Throughout the 20th century, Ethiopia has been ruled by autocratic monarchies, military dictatorships and autocracies with ideologies ranging from feudalism to Marxist-Leninism and "Revolutionary Democracy." Under these regimes, the cry for democracy and equal legal recognition and protection of languages, cultures, religions and ethnicity has been suppressed with violence. Arbitrary arrest, incommunicado detention, extrajudicial killing and torture are among the common denominators in responding to the quest for respect for human rights and good governance.
The trend continued even after 1991, which led to the establishment of a federal state structure and promised democratic rule. The failure of the Ethiopian People's Revolutionary Democratic Front (EPRDF) to live up to the principles of democracy caused swift waves of protests that originated in Oromia Regional State, the largest region in terms of land and population size, and spread across the country. The climax of the protest came in 2018, resulting in the resignation of Hailemariam Desalegn and the coming to office of Prime Minister Abiy Ahmed (PhD), Nobel Peace Prize laureate of 2019.
The reforms that began to take institutional shape in 2018 now face many challenges. The magnitude of problems accumulated in the past are making the efforts to build a consolidated democracy difficult. Among many other socio-economic and political problems, ethnic tension is growing in an unprecedented way. It has already resulted in the loss of lives, destruction of property, and internal displacement of millions of people.
Although there are many causes of inter-ethnic tensions, one cannot deny the contribution of ‘nationalism.’ In its traditional and conventional sense, nationalism connotes allegiance to a particular nation and a strong determination to protect and advance its interests. In this context, we will adopt nationalism (in terms of allegiance and loyalty to a certain group) to Ethiopia's political realities.
Most recently, Ethiopia's political playing field is witnessing two forms of nationalism, namely ethnic nationalism and Ethiopian nationalism (Ethiopiawinet), each romanticising ethnicity and Ethiopianism, respectively. Nothing is wrong with being loyal to one's ethnic group or country. Respect for one’s ethnic group is a sign of self-recognition, while the love of one’s country is patriotism.
But are the types of ethnic and Ethiopian nationalisms, in their current forms and content, constructive?
No. The passion of nationalism is being misplaced and misused to erode co-existence and tolerance. It is creating and perpetuating inter-ethnic tensions, conflicts and violence. Hence, there is a need to invest more in "productive nationalism" that respects humanity, embraces tolerance and widens the marketplace of ideas.
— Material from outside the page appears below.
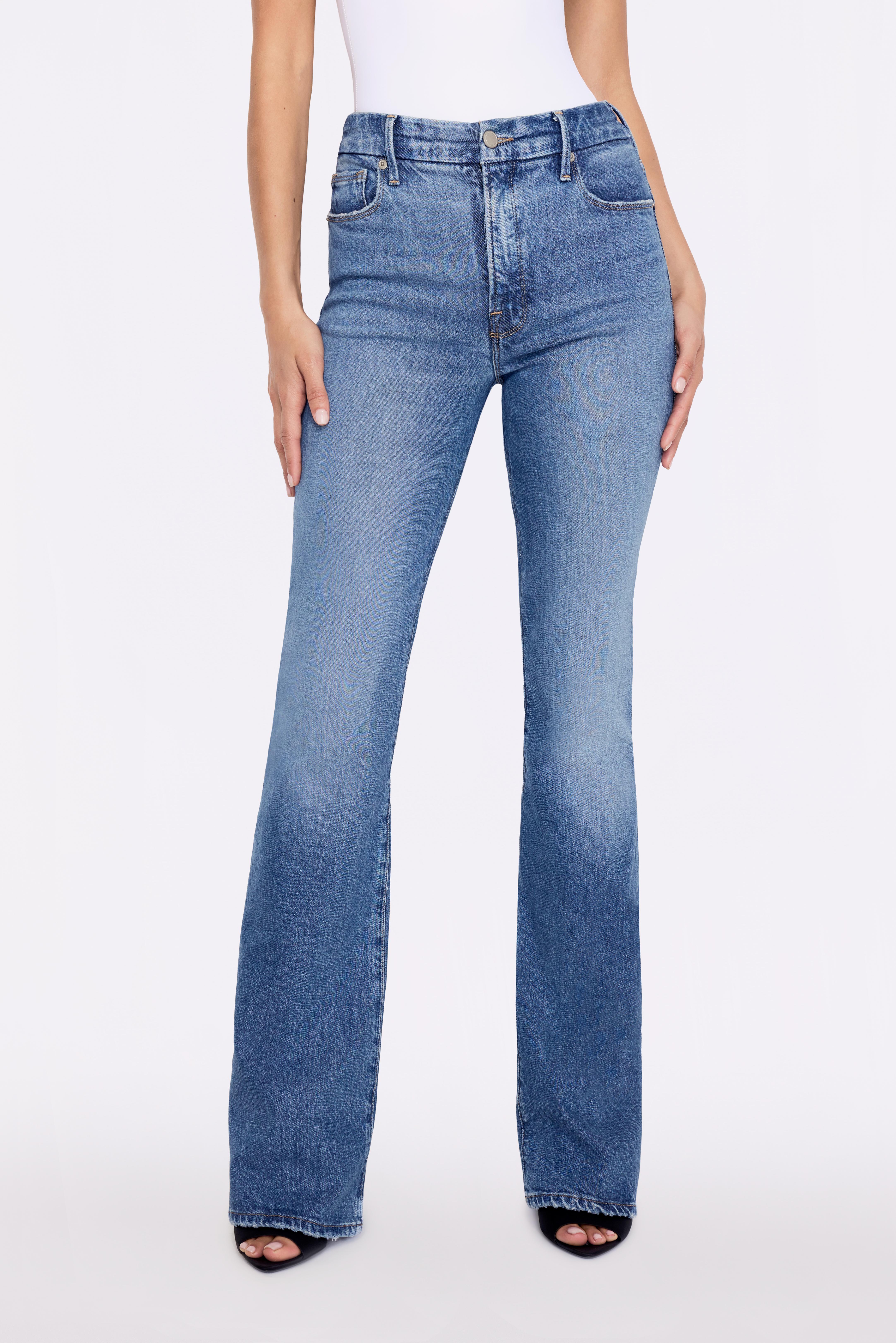 Some styles to try: Our Good Curve jeans feature a high-rise waist designed to enhance your waist, while a contour seam along the thigh and leg highlights your silhouette. The Good Waist Palazzo collection offers a similarly flattering high-rise with a stylish wide-leg cut, available in full-length, cropped, and petite options.

No doubt, nationalisms are not a recent phenomenon in the political history of Ethiopia. For a long time, both kinds have been here, at least more vividly since the beginning of modern Ethiopian history. For instance, although it is difficult to point out when ethnic nationalism emerged, it is possible to say that significant moves were made during the 1960s student movement. Of note is Wallelign Mekonnen's essay in 1969, titled “On the Question of Nationalities in Ethiopia.” Another was a poem written by Ibsa Gutema, titled in English, “Who is an Ethiopian?”
Back then, the questions of nation and nationalities were brought forward to counter the autocratic and repressive regime that ruled a multinational country as a nation-state.
Consequently, after adopting the federal state structure, ethnicity has been used to galvanise political causes and influence, perhaps, political parties' formation. Ethnic nationalism is translated to the political sphere in the form of ethnic-based political parties. Despite the gains obtained in the past by politically organising around ethnicity in dismantling the stronghold of the oppressors, it casts doubt on whether ethnic nationalism, as it currently exists, is sticking to its original goal of fighting oppressive systems and ensuring or sustaining equality.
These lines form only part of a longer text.